**Instructions to follow**
Only one stretch of the records below should be repeated. It starts with the line containing "I'm building a" and goes on through the line containing "SHOW BINARY LOGS;", exactly as written.

:: Records supplied

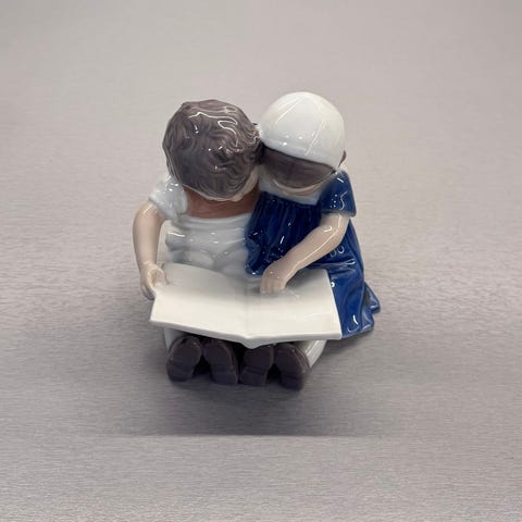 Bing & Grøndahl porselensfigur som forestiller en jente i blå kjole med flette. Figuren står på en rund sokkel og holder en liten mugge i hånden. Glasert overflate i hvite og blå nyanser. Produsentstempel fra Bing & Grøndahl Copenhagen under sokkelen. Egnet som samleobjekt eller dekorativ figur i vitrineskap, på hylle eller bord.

::::
:: Records supplied

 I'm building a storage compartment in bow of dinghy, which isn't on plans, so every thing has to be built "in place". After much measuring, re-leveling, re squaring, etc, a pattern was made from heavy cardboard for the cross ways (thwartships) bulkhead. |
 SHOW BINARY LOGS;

::::

**Task result**
 I'm building a storage compartment in bow of dinghy, which isn't on plans, so every thing has to be built "in place". After much measuring, re-leveling, re squaring, etc, a pattern was made from heavy cardboard for the cross ways (thwartships) bulkhead. |
 SHOW BINARY LOGS;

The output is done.